**WHAT YOU NEED TO DO:** Repeat the data exactly. Pictures stay out.

Records contained in a dataset
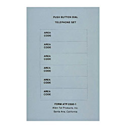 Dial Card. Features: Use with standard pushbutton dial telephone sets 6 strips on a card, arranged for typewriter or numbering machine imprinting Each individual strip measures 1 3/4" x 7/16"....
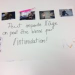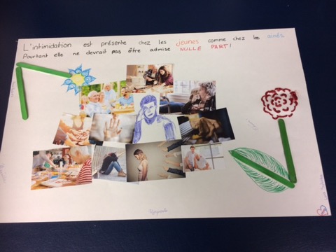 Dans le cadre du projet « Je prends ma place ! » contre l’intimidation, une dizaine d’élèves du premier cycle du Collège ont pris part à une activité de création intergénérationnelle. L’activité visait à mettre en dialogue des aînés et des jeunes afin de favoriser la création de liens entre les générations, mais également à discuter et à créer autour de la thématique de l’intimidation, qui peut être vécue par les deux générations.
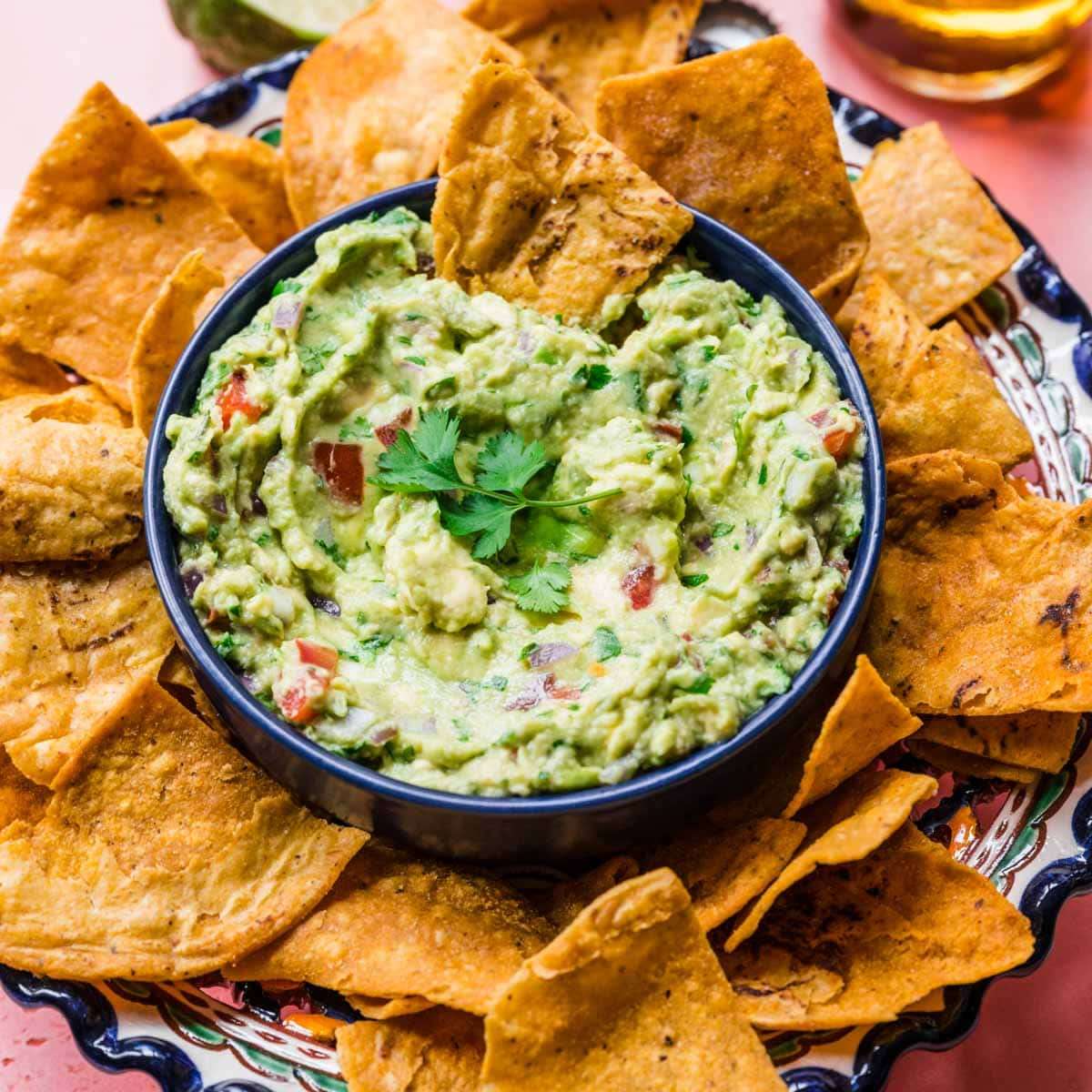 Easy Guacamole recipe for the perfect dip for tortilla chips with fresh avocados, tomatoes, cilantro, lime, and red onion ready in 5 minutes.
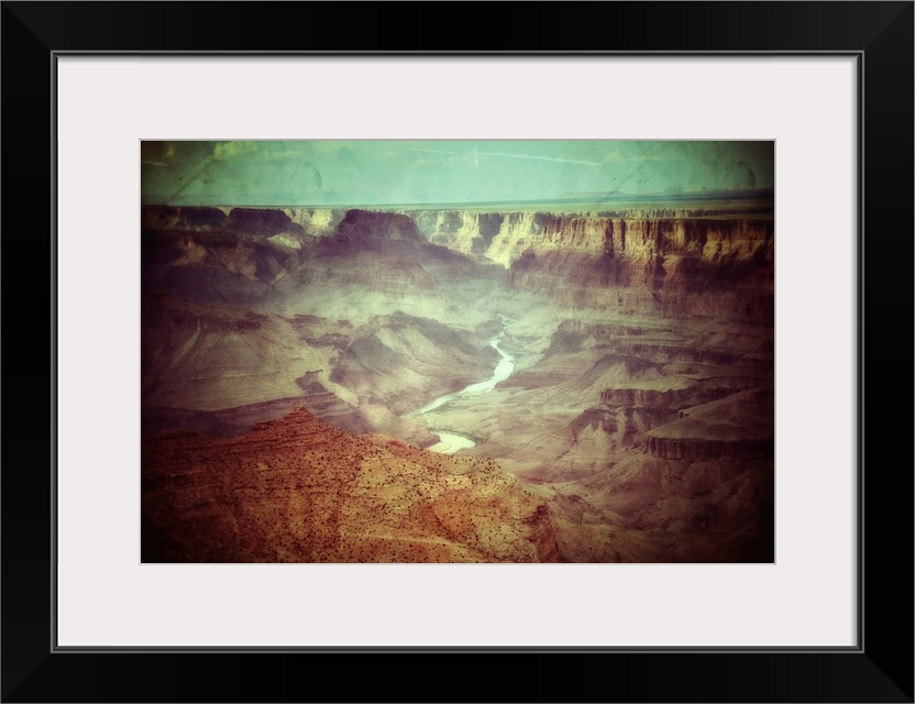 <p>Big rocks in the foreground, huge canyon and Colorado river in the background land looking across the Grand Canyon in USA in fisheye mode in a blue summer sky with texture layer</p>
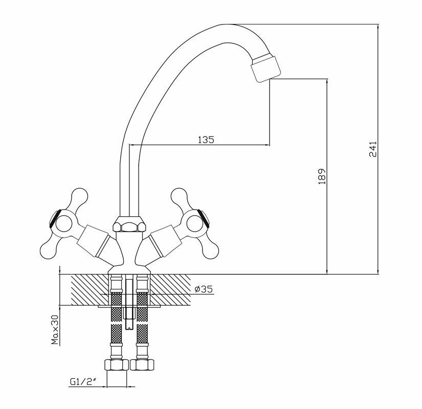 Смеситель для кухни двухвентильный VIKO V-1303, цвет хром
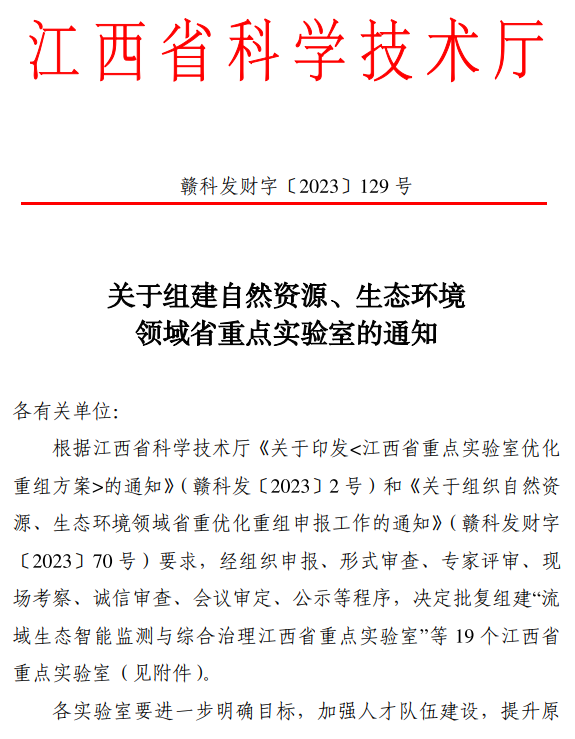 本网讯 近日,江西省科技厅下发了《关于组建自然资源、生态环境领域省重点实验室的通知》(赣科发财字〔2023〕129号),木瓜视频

**ANSWER SPACE:**
 Dial Card. Features: Use with standard pushbutton dial telephone sets 6 strips on a card, arranged for typewriter or numbering machine imprinting Each individual strip measures 1 3/4" x 7/16"....
 Dans le cadre du projet « Je prends ma place ! » contre l’intimidation, une dizaine d’élèves du premier cycle du Collège ont pris part à une activité de création intergénérationnelle. L’activité visait à mettre en dialogue des aînés et des jeunes afin de favoriser la création de liens entre les générations, mais également à discuter et à créer autour de la thématique de l’intimidation, qui peut être vécue par les deux générations.
 Easy Guacamole recipe for the perfect dip for tortilla chips with fresh avocados, tomatoes, cilantro, lime, and red onion ready in 5 minutes.
 <p>Big rocks in the foreground, huge canyon and Colorado river in the background land looking across the Grand Canyon in USA in fisheye mode in a blue summer sky with texture layer</p>
 Смеситель для кухни двухвентильный VIKO V-1303, цвет хром
 本网讯 近日,江西省科技厅下发了《关于组建自然资源、生态环境领域省重点实验室的通知》(赣科发财字〔2023〕129号),木瓜视频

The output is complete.